EXERCISE =
Exactly the lines below from the line with "Il Po dal ponte di Casalgrasso" through the line with "AGUSTÍN CASO FUE" must make up the answer, both ends included and pictures left out.
*** Opening INFORMATION GIVEN ***
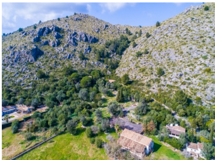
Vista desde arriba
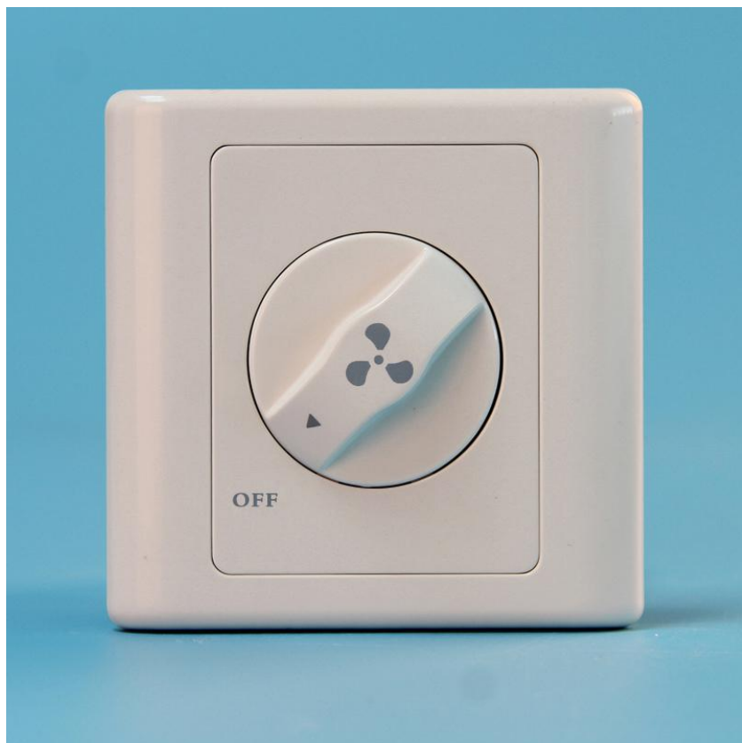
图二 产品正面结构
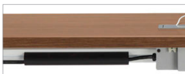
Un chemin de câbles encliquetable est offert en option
*** Closing INFORMATION GIVEN ***
*** Opening INFORMATION GIVEN ***
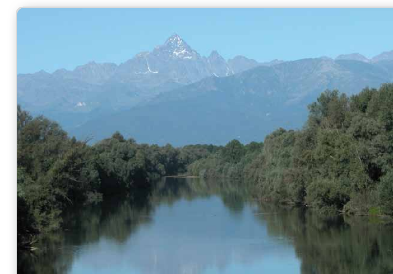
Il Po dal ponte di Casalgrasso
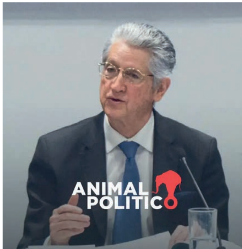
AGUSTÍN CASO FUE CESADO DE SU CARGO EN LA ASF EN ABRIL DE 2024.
*** Closing INFORMATION GIVEN ***
OUTPUT =
Il Po dal ponte di Casalgrasso
AGUSTÍN CASO FUE CESADO DE SU CARGO EN LA ASF EN ABRIL DE 2024.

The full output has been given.